The ratio \(\Pr(\texttt{mod0}) / \Pr(\texttt{mod1})\) expresses the factor by which \(\texttt{mod0}\) a priori is assumed to be the correct model. Per default, {RprobitB} sets \(\Pr(\texttt{mod0}) = \Pr(\texttt{mod1}) = 0.5\). The front part \(\Pr(\texttt{y} \mid \texttt{mod0} ) / \Pr(\texttt{y} \mid \texttt{mod1})\) is the ratio of the marginal model likelihoods. A value of \(BF(\texttt{mod0},\texttt{mod1}) > 1\) means that the model \(\texttt{mod0}\) is more strongly supported by the data under consideration than \(\texttt{mod1}\).

Adding "BF" to the criteria argument of model_selection yields the Bayes factors. We see a decisive evidence (Jeffreys 1998) in favor of model_train.

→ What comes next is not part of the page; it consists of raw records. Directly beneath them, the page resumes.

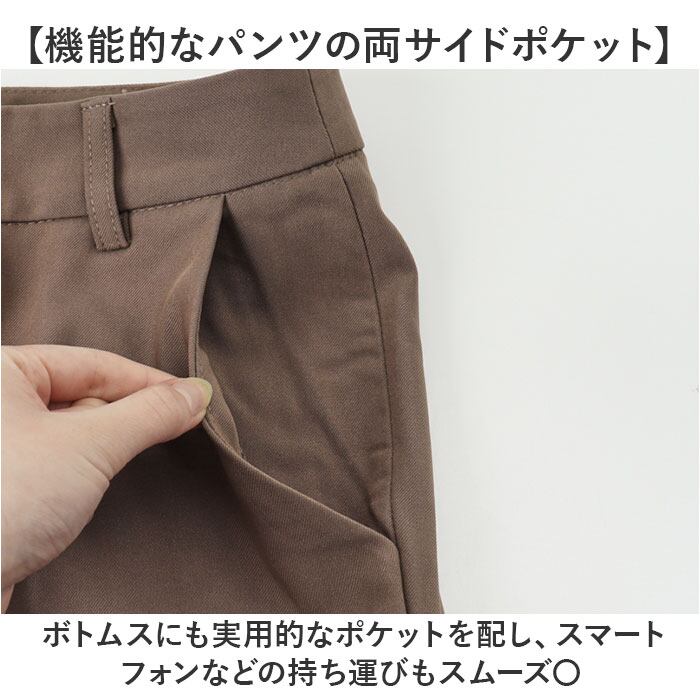【機能的なパンツの両サイドポケット】 ボトムスにも実用的なポケットを配し、スマートフォンなどの持ち運びもスムーズ〇
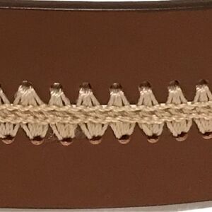 Western Belt Brown Beige Leather Adjustable Hook Eye Embroidered 36-40. The brass plate can be removed to monogram/engrave. Removable with brass screws on back side.
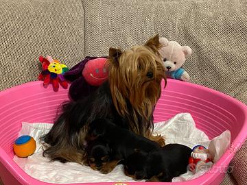 Yorkshire Terrier, taglia piccola, bellissimi cuccioli, molto affettuosi, nati e cresciuti in casa, genitori visibili con importanti Pedigree Enci ed ESENTi dalle malattie genetiche e ereditarie (rilascio copia dei test ufficiali) controllati anche per la lussazione della rotula (certificazioni Celemasche) vendesi. Foto reali, telefonare ore pasti e serali. Tel 3487239143
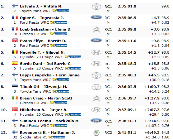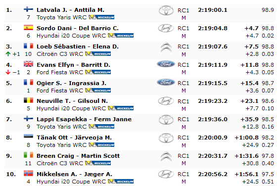 Μέσα στην μάχη ο κοντός αν και πιστεύω αν ο Ogier δεν έκανε λάθος επιλογή ελαστικών θα είχε καθαρίσει ...

model_selection(model_train, model_train_sparse, criteria = c("BF"))
#>                          model_train model_train_sparse
#> BF(*,model_train)                  1             < 0.01
#> BF(*,model_train_sparse)       > 100                  1


Finally, adding "pred_acc" to the criteria argument for the model_selection() function returns the share of correctly predicted choices. From the output of model_selection() above (or alternatively the one in the following) we deduce that model_train correctly predicts about 6% of the choices more than model_train_sparse:9

pred_acc(model_train, model_train_sparse)
#> [1] 0.6954592 0.6336634


Akaike, H. 1974. “A New Look at the Statistical Model Identification” 19.

Gronau, Q. F., A. Sarafoglou, D. Matzke, A. Ly, U. Boehm, M. Marsman, D. S. Leslie, J. J. Forster, E. Wagenmakers, and H. Steingroever. 2017. “A Tutorial on Bridge Sampling.” Journal of Mathematical Psychology 81: 80–97.

Hammersley, J. M., and D. C. Handscomb. 1964. “General Principles of the Monte Carlo Method,” 50–75.

Jeffreys, Harold. 1998. The Theory of Probability. OUP Oxford.

Marin, J., and C. Robert. 2014. Bayesian essentials with R. Springer Textbooks in Statistics. Springer Verlag, New York.

McElreath, R. 2020. Statistical Rethinking: A Bayesian Course with Examples in R and Stan. 2. ed. Chapman; Hall/CRC.

Newton, M. A., and A. E. Raftery. 1994. “Approximate Bayesian Inference with the Weighted Likelihood Bootstrap.” Journal of the Royal Statistical Society: Series B (Methodological) 56 (1): 3–26.

Schwarz, G. 1978. “Estimating the Dimension of a Model.” The Annals of Statistics 6.

Watanabe, S., and M. Opper. 2010. “Asymptotic Equivalence of Bayes Cross Validation and Widely Applicable Information Criterion in Singular Learning Theory.” Journal of Machine Learning Research 11 (12).